Hello @fkiraly thanks for your reply and appreciate it.

  • the grid is unnecessarily large - you are changing parameters of naive and stl even if they are not selected. You can specify union grids like this:
multiplex_params_grid = [
[
    {'selected_forecaster': ['naive']},
    {'naive__sp': [4, 12]},
],
[
    {'selected_forecaster': ['stl']},
    {'stl__seasonal': [7, 13]},
]
]

(this has 4 elements, while your grid has 8, out of which 4 are redundant)

Thanks for pointing this out. I had to tweak it a little so it is fine now. I also changed the models and now pred and new_pred are indeed different.

from sktime.forecasting.compose import make_reduction
from sklearn.ensemble import GradientBoostingRegressor
from sklearn.neighbors import KNeighborsRegressor

# build multiplex forecaster
multiplex_frctr = MultiplexForecaster(
    forecasters=[
        ('gbr', make_reduction(GradientBoostingRegressor(random_state=42))),
        ('knnr', make_reduction(KNeighborsRegressor(n_jobs=-1))),
    ]
)

# models hyperparameter grids for model selection forecaster
multiplex_params_grid = [
    {
        'selected_forecaster': ['gbr'],
        'gbr__estimator__n_estimators': np.arange(50, 200, 50)
    },
    {
        'selected_forecaster': ['knnr'],
        'knnr__estimator__n_neighbors': np.arange(5, 10, 1)
    }
]

possibly, seems plausible. The reason that some values are exactly identical is likely that your grid search selects the NaiveForecaster, as explained > > (perhaps you can check?)

After changing the models the values aren't replaying themselves. pred and new_pred produce different results.

# compare the 2 sets of predictions made
plot_series(df[target].iloc[:-1], pred, new_y, new_pred, labels=['past', 'pred', 'updated', 'new_pred'])

output

fkiraly commented 8 months ago

so, all is fine?

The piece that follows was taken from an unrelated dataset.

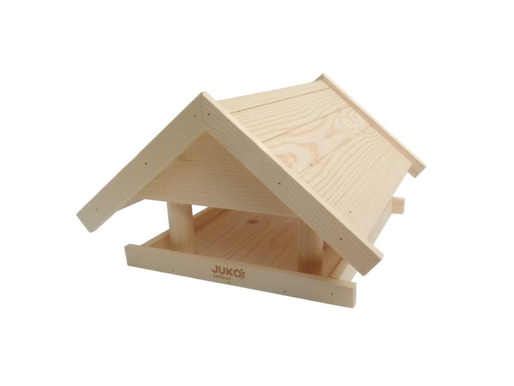 Prostorově výrazné dřevěné krmitko určené pro podzimní a zimní přikrmování volného ptactva.

Or do you still think there is an issue?

PS: typical ML tabular regressors (especially tree based ensembles) will not be able to extrapolate, that's why you see the forecasts do not go "above" the values observed in the past. If you want that, you ought to pipeline with sth like a Detrender.

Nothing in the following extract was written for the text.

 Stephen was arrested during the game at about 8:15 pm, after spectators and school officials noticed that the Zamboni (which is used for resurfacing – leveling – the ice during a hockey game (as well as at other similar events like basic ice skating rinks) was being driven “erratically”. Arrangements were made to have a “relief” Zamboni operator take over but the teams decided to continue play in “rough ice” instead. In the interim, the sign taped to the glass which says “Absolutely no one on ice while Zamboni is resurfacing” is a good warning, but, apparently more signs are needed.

ggjx22 commented 8 months ago

so, all is fine? Or do you still think there is an issue?

All should be fine now.

PS: typical ML tabular regressors (especially tree based ensembles) will not be able to extrapolate, that's why you see the forecasts do not go "above" the values observed in the past. If you want that, you ought to pipeline with sth like a Detrender.

I have already implemented that in the pipeline for my data together with TransformIf & Differencer within TransformedTargetForecaster. For this purpose, I'm just using a toy dataset and a simplified pipeline.